On the Shabbat of October 27, 2018, a white supremacist stormed into the Tree of Life Synagogue in Pittsburgh, Pennsylvania, and killed 11 elderly Jewish people, resulting in what is considered the deadliest antisemitic attack in American history. Five years later, the verdict came: a federal jury, made up of 12 jurors, pronounced the death sentence for Robert Bowers, now 50.
He didn’t apologize or express regret for what he did, instead his lawyers tried to argue that he had a difficult and traumatic childhood, tried to kill himself as a teenager and suffered from schizophrenia. But the jurors didn’t flinch. They confirmed again the 63 criminal counts he was convicted on five years ago and they delivered the verdict in under 10 hours of deliberation.

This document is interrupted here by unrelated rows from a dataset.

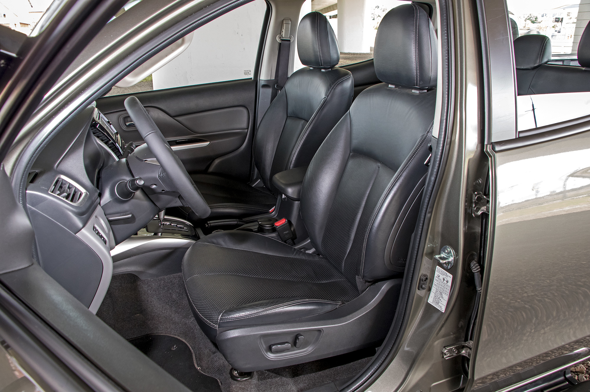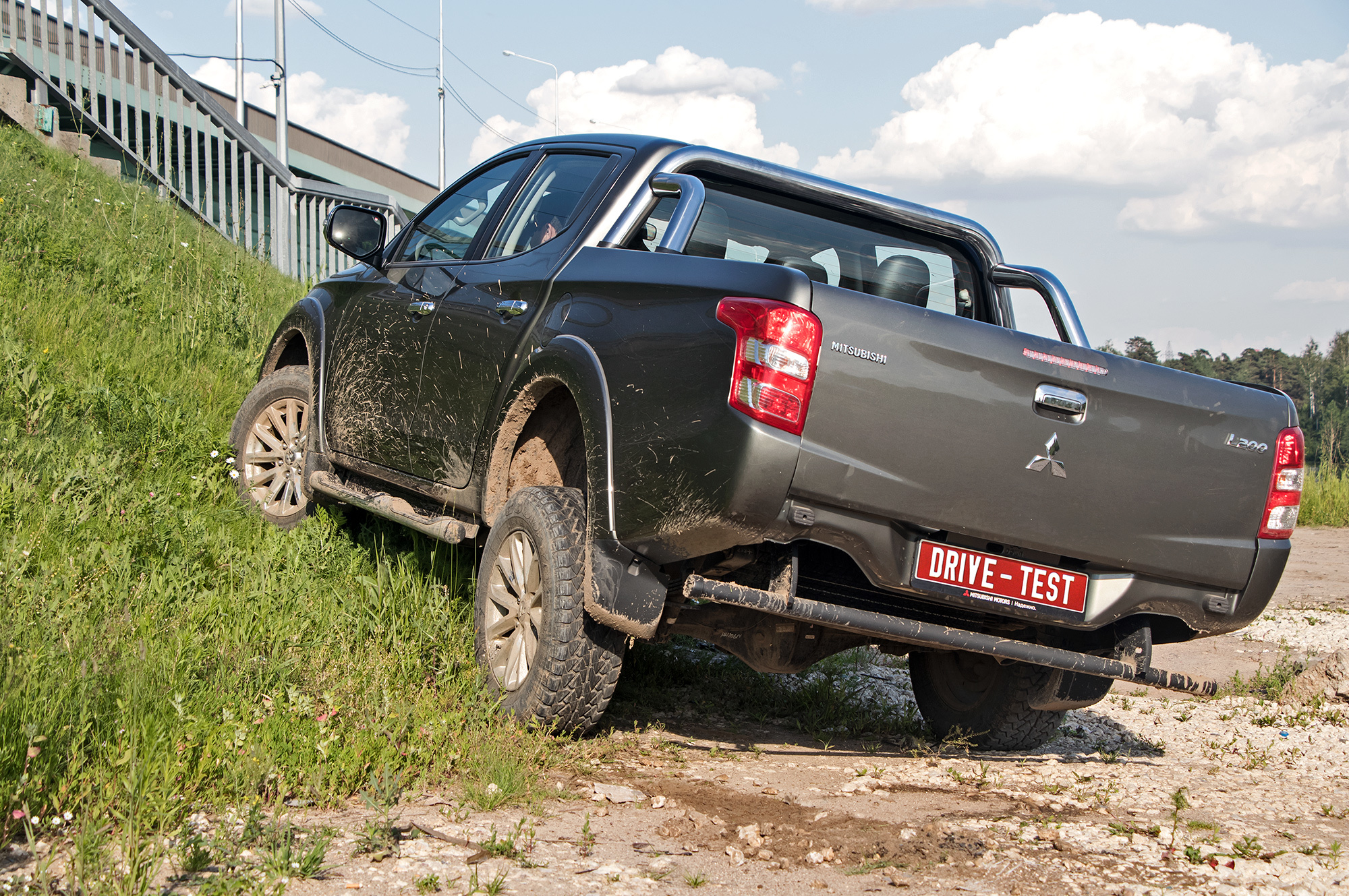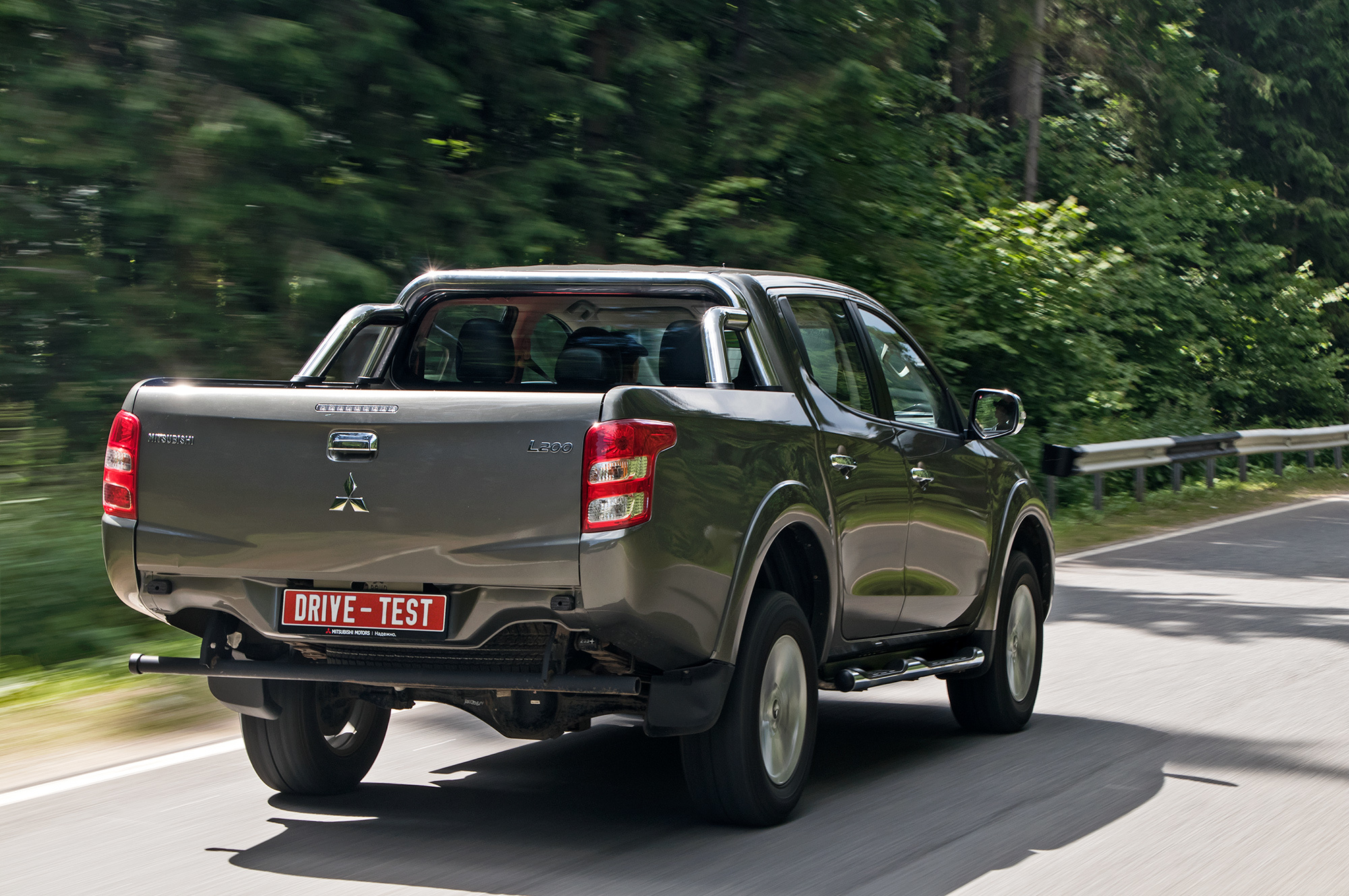 Mitsubishi L200 воспринимается более легковым, если можно так сказать, хотя и в нём кондовости достаточно. О, как трясётся капот на холостых! Этот пикап выбешивает семисекундной пищалкой, срабатывающей при каждом пуске ― дескать, пристегните ремни. Левая нога проваливается мимо странно запрокинутой подножки, не позволяя стопроцентно удобно устроиться за регулируемым в обоих направлениях рулём. Зато шикарные сиденья достойны недешёвого седана: приятен профиль, спинка высока. Развитая боковая поддержка — не иначе подстраховка для бездорожья. На асфальте пикап скрипит шинами в виражах уже на 50–60 км/ч.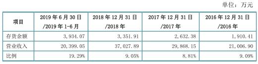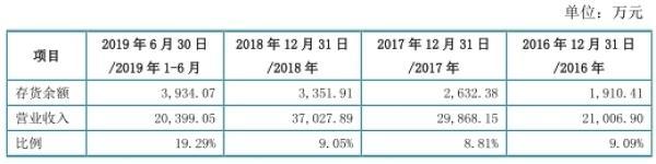 2016年至2019年6月30日,四会富仕存货金额分别为1910.41万元、2632.38万元、3351.91万元、3934.07万元,占营业收入的比例分别为9.09%、8.81%、9.05%、19.29%。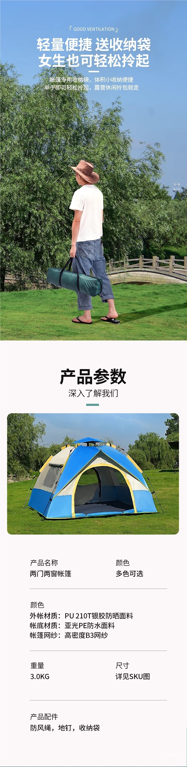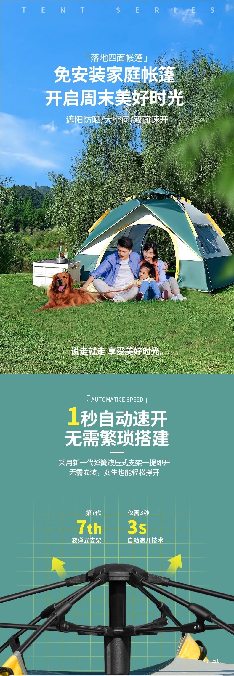 야외 캠핑 야간 텐트 휴대용 접이식 완전 자동 야외 두꺼운 방수 및 자외선 차단제 캠핑 피크닉 장비스토어 가기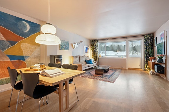 Stor 4-roms selveierleilighet i svært attraktivt område med innglasset balkong og nytt kjøkken | Nær marka | Vedovn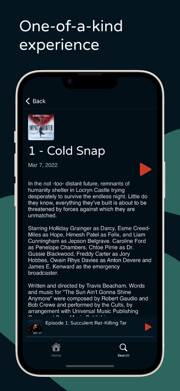 Heerie is the home of Audio Shows. Audio shows, also known as audio dramas or fiction podcasts, are like a combination of audiobooks and tv shows, but in an audio-only format. Imagine being transported into a fully-realized fictional world, complete with a cast of talented voice actors bringing the characters to life and immersive sound design that makes you feel like part of the action.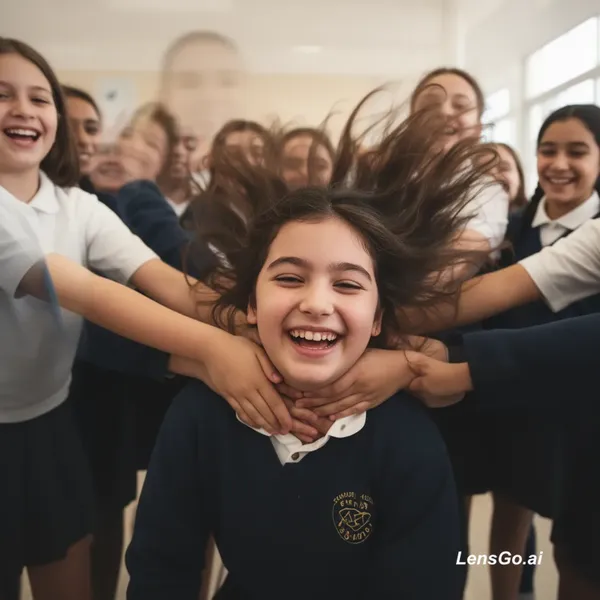 The girl in the blue circle named Sofia laughing and squirming as she is being tickled, playful motion, hair flying, joyful atmosphere by a group of people from school.

Before committing this hateful massacre, he announced on his social media what he was about to do, as a manifesto: “I can’t sit by and watch my people get slaughtered. Screw your optics, I’m going in”. He went to one of the largest and most historic Jewish communities in the US, while members of three congregations had gathered for Shabbat worship and study, with an AR-15 rifle and three handguns. And then opened fire. In addition to the 11 people he killed, he wounded two worshippers and five responding police officers.
Despite the possible and unnecessary trauma this trial could involve, the family of two victims, Rose Mallinger, a 97-year-old who was killed in the attack, and Andrea Wedner, her daughter, who was wounded , released a statement to thank the jury.
“Although we will never attain closure from the loss of our beloved Rose Mallinger, we now feel a measure of justice has been served”.